The present research performs the tuning process of three existing models, namely VGG-19, ResNet-50, and Inception-V3 during the training process thereby producing superior results with a view to detect COVID-19. The VGG-19 is a 19-layer convolutional neural network architecture (including 16 convolution layers, 3 fully connected layers, 5 MaxPool layers, and 1 SoftMax layer). The prime objective of developing this network is to increase the number of hidden layers while sinking the number of parameters. In this architecture, a fixed kernel size of 3 × 3 is perceived, and as the progress along the network is achieved, the number of kernels continues enhancing in the hopes of a better feature. ResNet-50 containing 50 layers is a deep residual network. A residual function along with traditional CNN is used by ResNet-50 to solve the problem of gradient dispersion and accuracy degradation. If the process of the addition of a number of layers in our network is continued, during backpropagation, the model will not be able to spread the weight changes due to gradient explosion or dissipation. The ResNet-50 model comprises of five stages, each with a residual block. These residual blocks are responsible for keeping parameters as low as possible. This provides better training and testing errors even if the network depth increases and provides regularization. Hence, ResNet-50 is regarded as the most popular CNN architecture in terms of image classification. Inception-V3 architecture follows the concept of factorized convolutional which reduces computational efficiency. The reduction in the filter size helps in achieving a faster training speed thereby minimizing the number of parameters. This model includes auxiliary classifiers which act as regularizers and are employed to ensure convergence of very deep neural networks. An auxiliary classifier is added in between the layers during training and the losses incurred are added back to the main network. Inception-V3 is effective for smoothing labels of image and acquiring higher accuracy in image classification. As the proposed framework is represented for detecting COVID-19 via chest X-ray images and CT scan images, the training phase deals with such aforementioned models for image classification.
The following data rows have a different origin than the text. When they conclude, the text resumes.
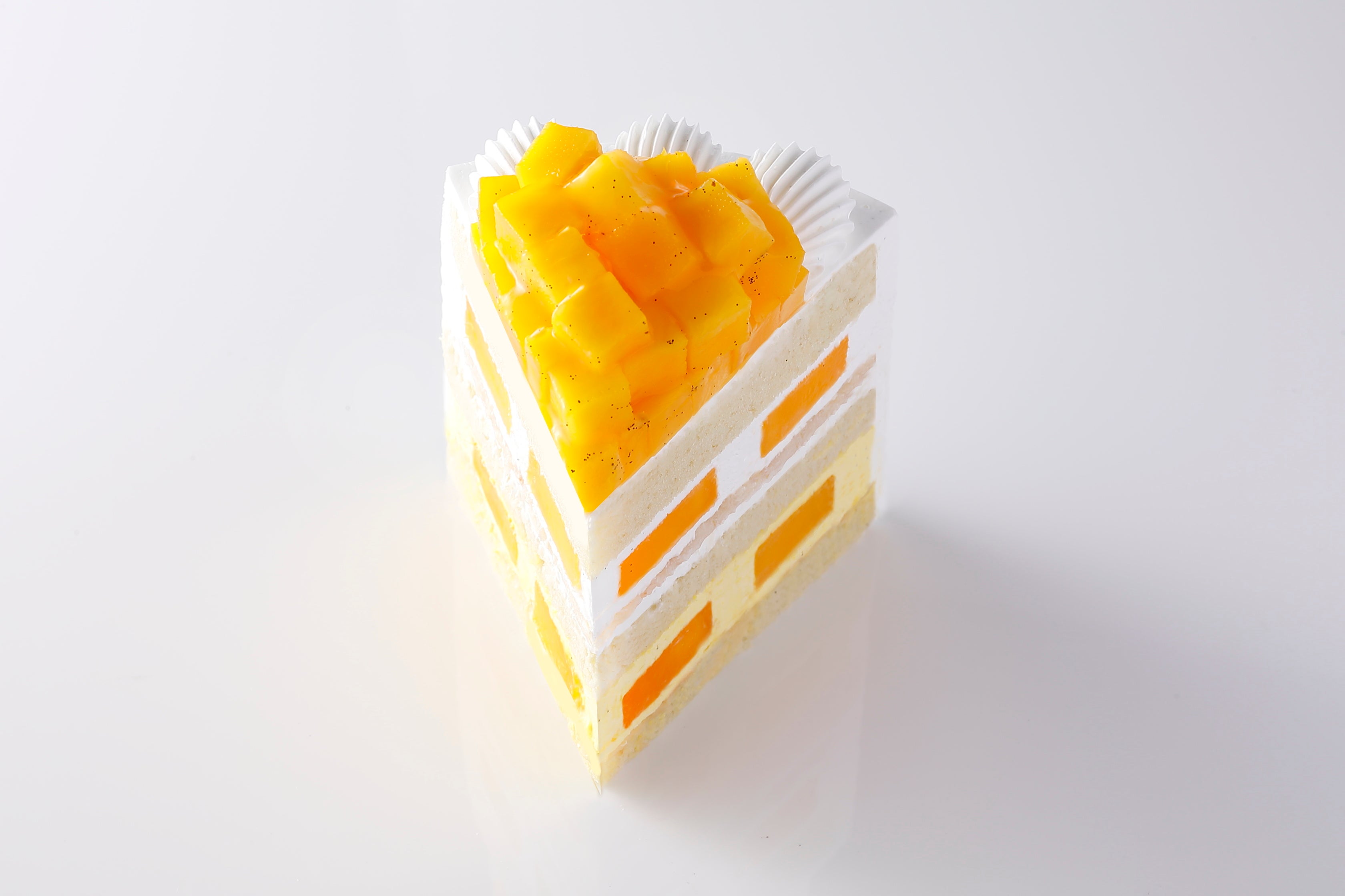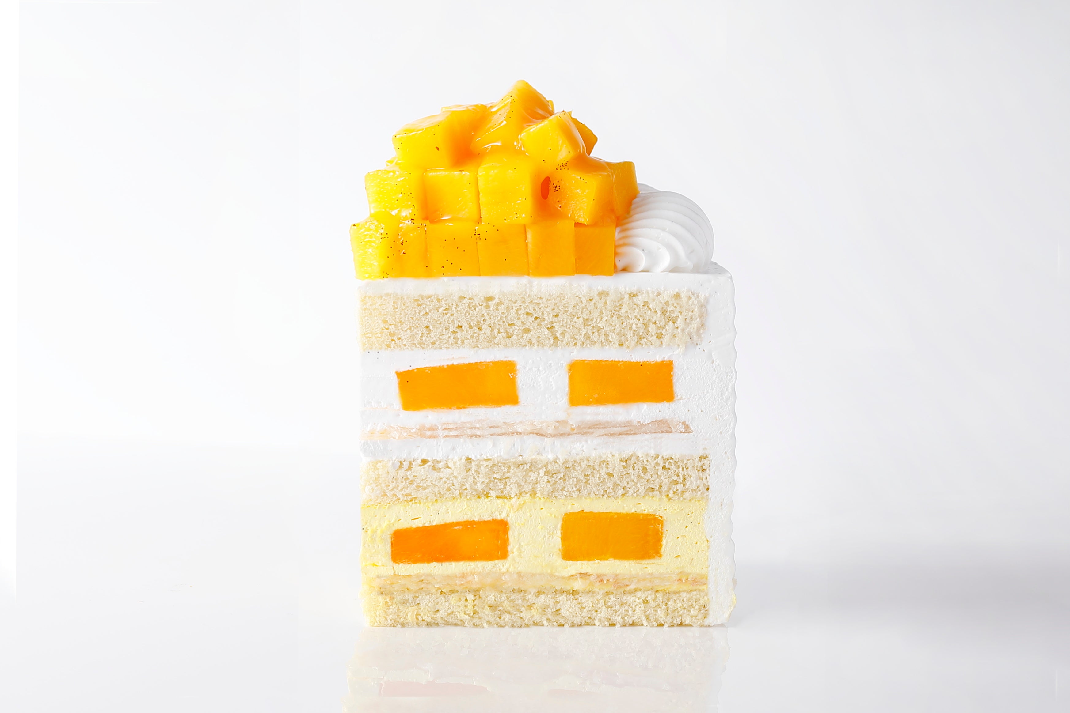 主役には”太陽の果実”とも称される国産アップルマンゴーを約1個丸ごと使用。マンゴーの濃厚な甘みを引き立てるクリームとして、新たに口当たり軽やかな九州大牟田産の生クリームを採用。2層目は香りをより一層引き立てるマンゴーとパッションフルーツ風味のクリームに仕上げました。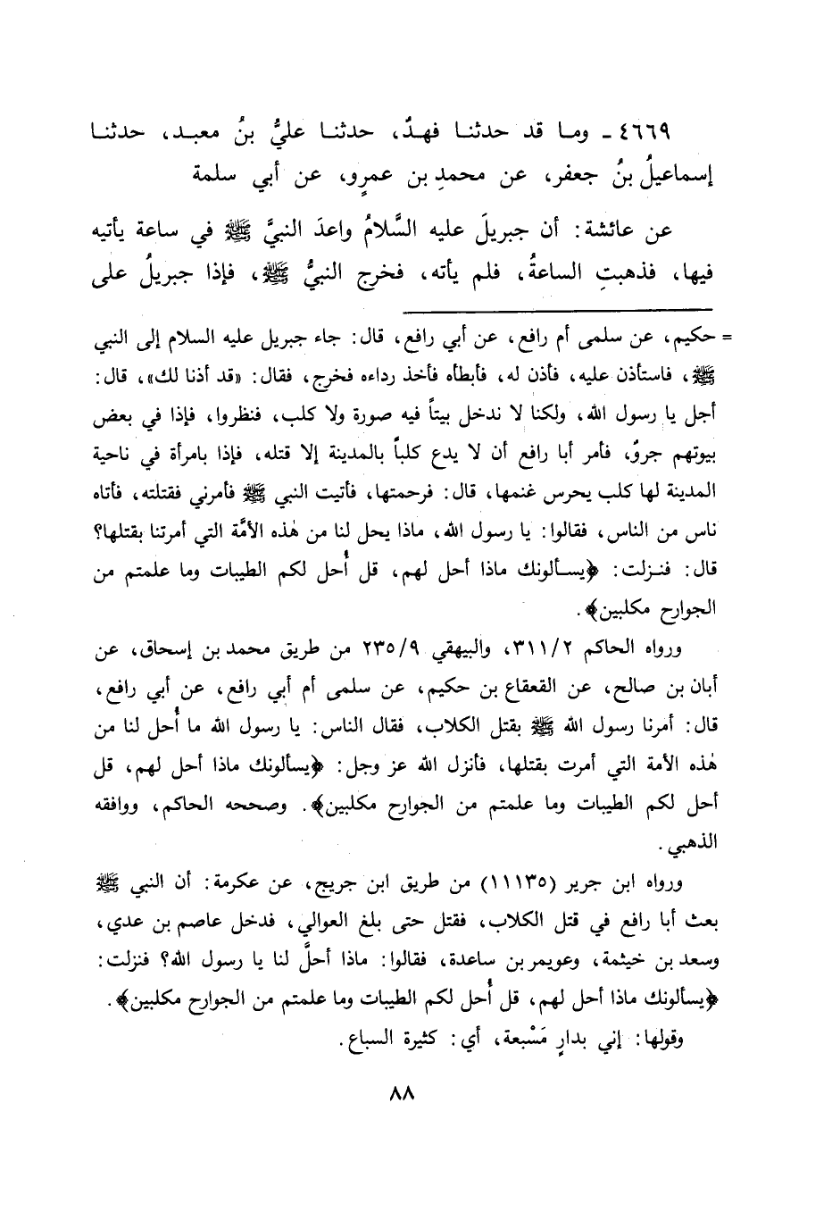 4669 - وَمَا قَدْ حَدَّثَنَا فَهْدٌ , حَدَّثَنَا عَلِيُّ بْنُ مَعْبَدٍ , حَدَّثَنَا إِسْمَاعِيلُ بْنُ جَعْفَرٍ , عَنْ مُحَمَّدِ بْنِ عَمْرٍو , عَنْ أَبِي سَلَمَةَ عَنْ عَائِشَةَ: أَنَّ جِبْرِيلَ عَلَيْهِ السَّلَامُ وَاعَدَ النَّبِيَّ صَلَّى اللَّهُ عَلَيْهِ وَسَلَّمَ فِي سَاعَةٍ يَأْتِيهِ فِيهَا، فَذَهَبَتِ السَّاعَةُ، فَلَمْ يَأْتِهِ، فَخَرَجَ النَّبِيُّ صَلَّى اللَّهُ عَلَيْهِ وَسَلَّمَ، فَإِذَا جِبْرِيلُ عَلَى -[89]- الْبَابِ، فَقَالَ: مَا يَمْنَعُكَ أَنْ تَدْخُلَ الْبَيْتَ؟ قَالَ: إِنَّ فِي الْبَيْتِ كَلْبًا، وَإِنَّا لَا نَدْخُلُ بَيْتًا فِيهِ كَلْبٌ وَلَا صُورَةٌ، فَأَمَرَ النَّبِيُّ صَلَّى اللَّهُ عَلَيْهِ وَسَلَّمَ بِالْكَلْبِ فَأُخْرِجَ، ثُمَّ أَمَرَ بِالْكِلَابِ أَنْ تُقْتَلَ فَاحْتُمِلَ أَنْ يَكُونَ نَهْيُهُ كَانَ عَنْ أَثْمَانِ الْكِلَابِ فِي الْوَقْتِ الَّذِي كَانَ هَذَا الْحُكْمُ حُكْمَهَا، ثُمَّ أَبَاحَ النَّبِيُّ صَلَّى اللَّهُ عَلَيْهِ وَسَلَّمَ بَعْضَهَا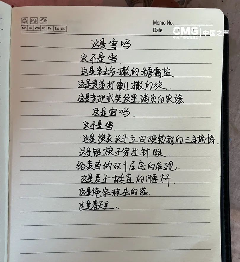 沒有濾鏡,沒有美顏,視頻里的“二姐”素面朝天,穿著最家常的小方格棉衣,右手托著一把剛下的春雪,笑盈盈地讀著剛寫完的詩。“我的家鄉(xiāng)一個冬天都沒下雪,一看下了雪,我說麥子有救了,麥子有救了呀!我躺在被窩里沒起,就在那兒寫。”一寫完,呂玉霞裹上棉衣揣起手機就往雪地里跑,早飯都顧不得吃,“就怕雪化了”。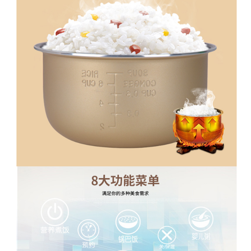 3D立體加熱發(fā)熱盤,搭配黃晶斧形聚能內(nèi)膽,煮出原香柴火好米飯 ?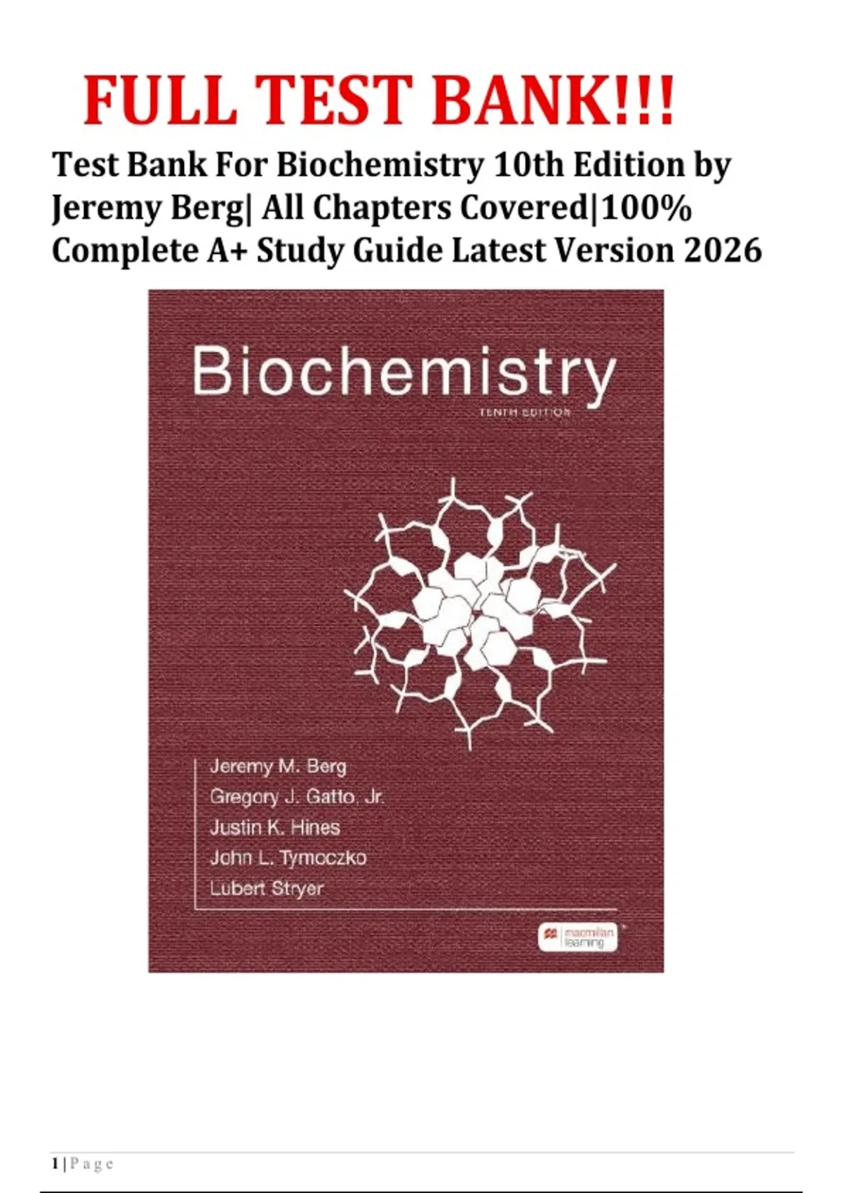 Test Bank For Biochemistry 10th Edition by Jeremy Berg| All Chapters Covered|100% Complete A+ Study Guide Latest Version 2026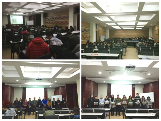 为了现场查看各支部党员的学习效果,学院提前准备了《经济学院党的十九大报告&新党章理论知识小测验》电子试卷。通过现场答卷、查看得分,学生党员更好地巩固了近期学习党的十九大精神的理论知识。经济学院党委副书记金晓茜为在此次理论知识测验中排名前20的同学颁奖,鼓励大家坚持学原文、读原著,全面系统学、联系实际学、带着问题学、不断跟进学,领会掌握基本精神、基本内容、基本要求,做到学而信、学而思、学而行。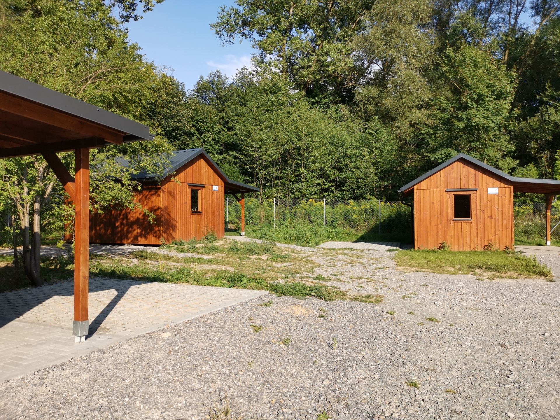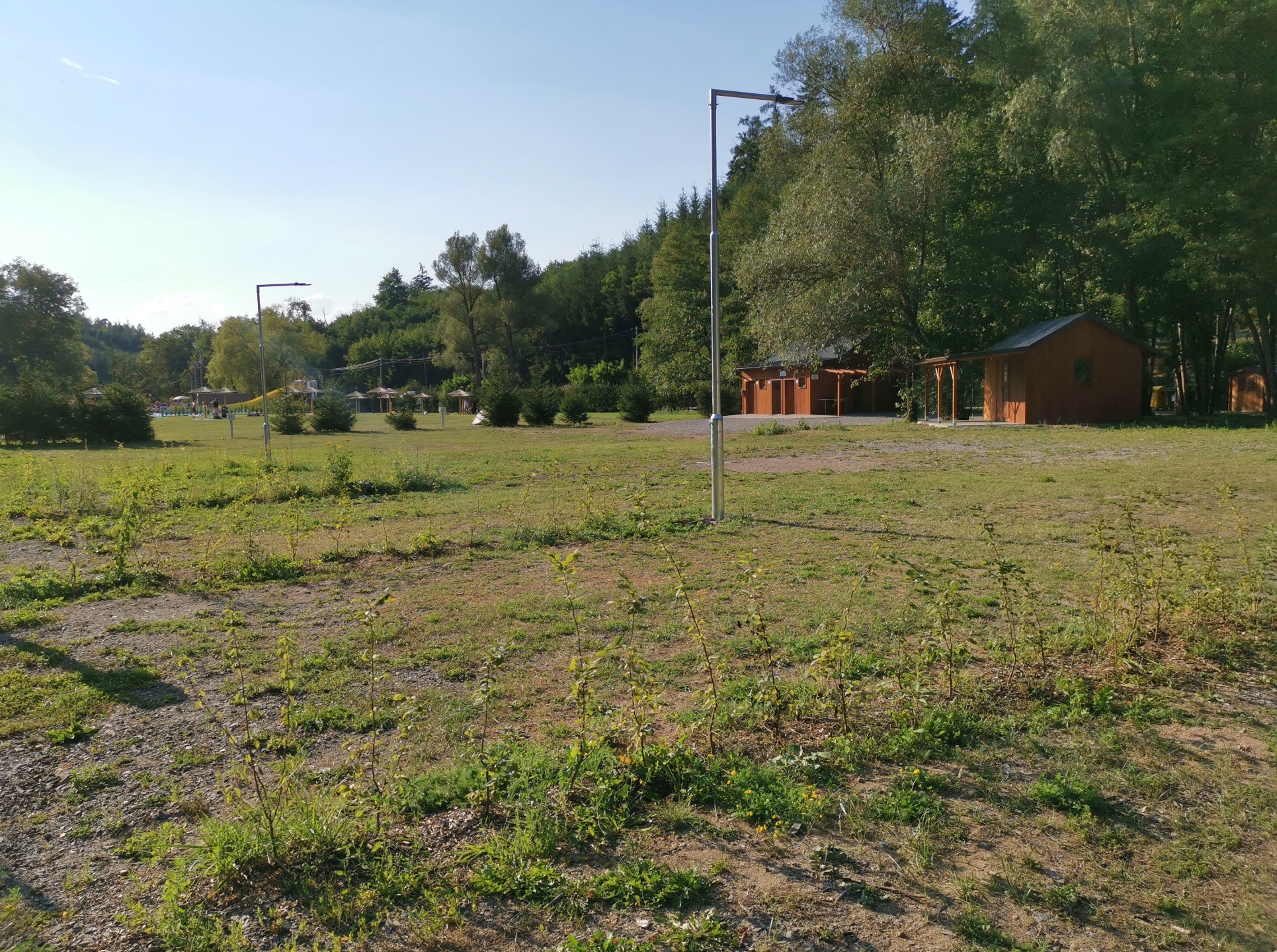 - Obytná vozidla – směrem ke koupališti jsou pak vytvořeny parcely pro stání s obytným autem nebo přívěsem, s možností připojit se na jeden z několika elektro sloupků. Jednotlivá místa jsou od sebe oddělena živým plotem, respektive ten byl nedávno vysazen a tak k úplnému oddělení dojde časem.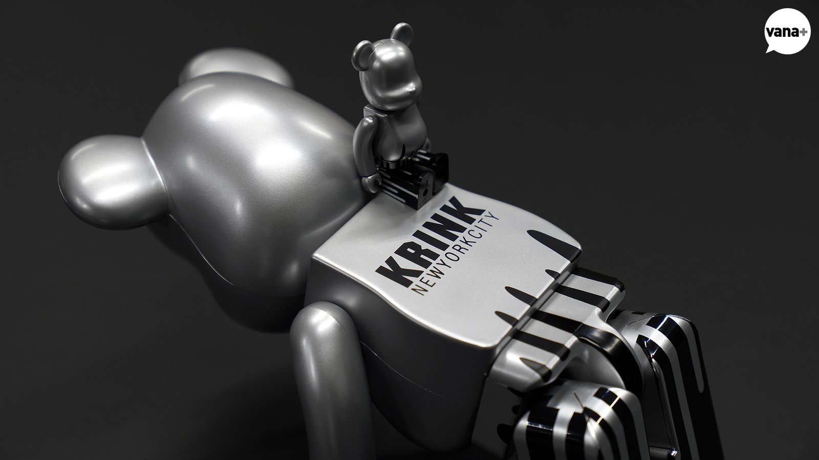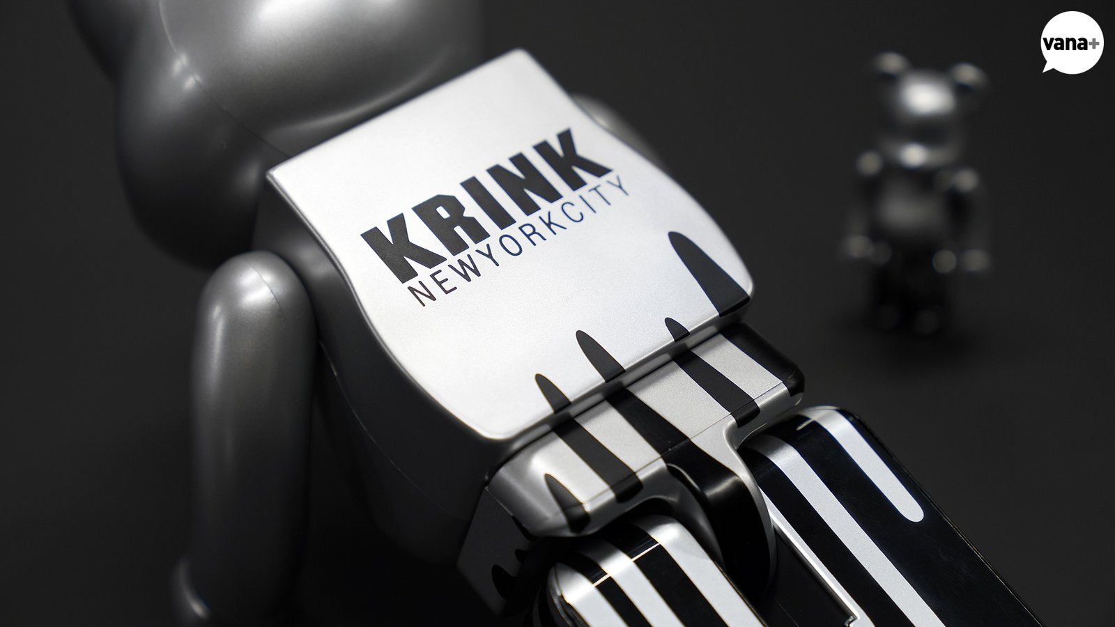 베어브릭 전체가 KRINK의 시그니처 컬러라고 할 수 있는 실버 컬러이며 그 실버 컬러 잉크가 아래쪽으로 흘러내린 모습인데,

The training phase of this research work includes hyperparameter tuning in the existing models such as VGG-19, Resnet-50, and Inception V3 to achieve adequate results during the testing phase. The first parameter that was tuned is the number of neurons. Three different activation functions namely ReLu, Leaky Relu for avoiding the function from becoming saturated at 0, and the activation function softmax responsible for predicting a multinomial probability distribution were employed and the input values moving from a layer to another layer is kept changing according to the activation function. The two parameters, namely rho and epsilon in adaDelta, were tuned for performance efficiency. The tuning process also involves the usage of optimizers in order to modify the attributes of the neural network such as weights and learning rate thereby enhancing the proficiency of producing minimizing losses. Adam optimizer, momentum-based SGD, and adaDelta were applied while training VGG-19, Resnet-50, Inception-V3, and adam optimizer were found to be the best optimizers.

After the successful completion of the training phase, the performance of each of the trained classifiers incorporated in this research work were evaluated according to various statistical performance metrics including accuracy, kappa statistics, recall, F-measure, etc., and the comparative analysis among these classifiers provides enhanced results with respect to COVID-19 detection.

6. Results and Discussion

The classification models, namely, VGG-19, Inception V3, and ResNet-50, are trained employing the principle of tuning and then tested on three datasets using the Google Colaboratory (Tesla T4, CUDA Version: 11.2). The imagery benchmark datasets used in this research work are divided into two parts, one for training purposes and the other one for testing purposes. A 70%–30% distribution of each of these datasets was employed in this work. A 10-fold cross-validation technique for such datasets is also taken to evaluate the performance of each of such distinct classifiers which are tuned during the training phase. A variety of evaluation metrics are employed to measure the performance in the experiments, including Root-Mean-Square Error (RMSE) [70], Kappa Statistic [71], True Positive Rate (TP-Rate), recall, False Positive Rate (FP-Rate), accuracy, precision, and F-measure. In essence, accuracy, precision, True Positive Rate (TP-Rate), False Positive Rate (FP-Rate), Recall, and F-measure are derived from the confusion matrix [72] of the individual classifier.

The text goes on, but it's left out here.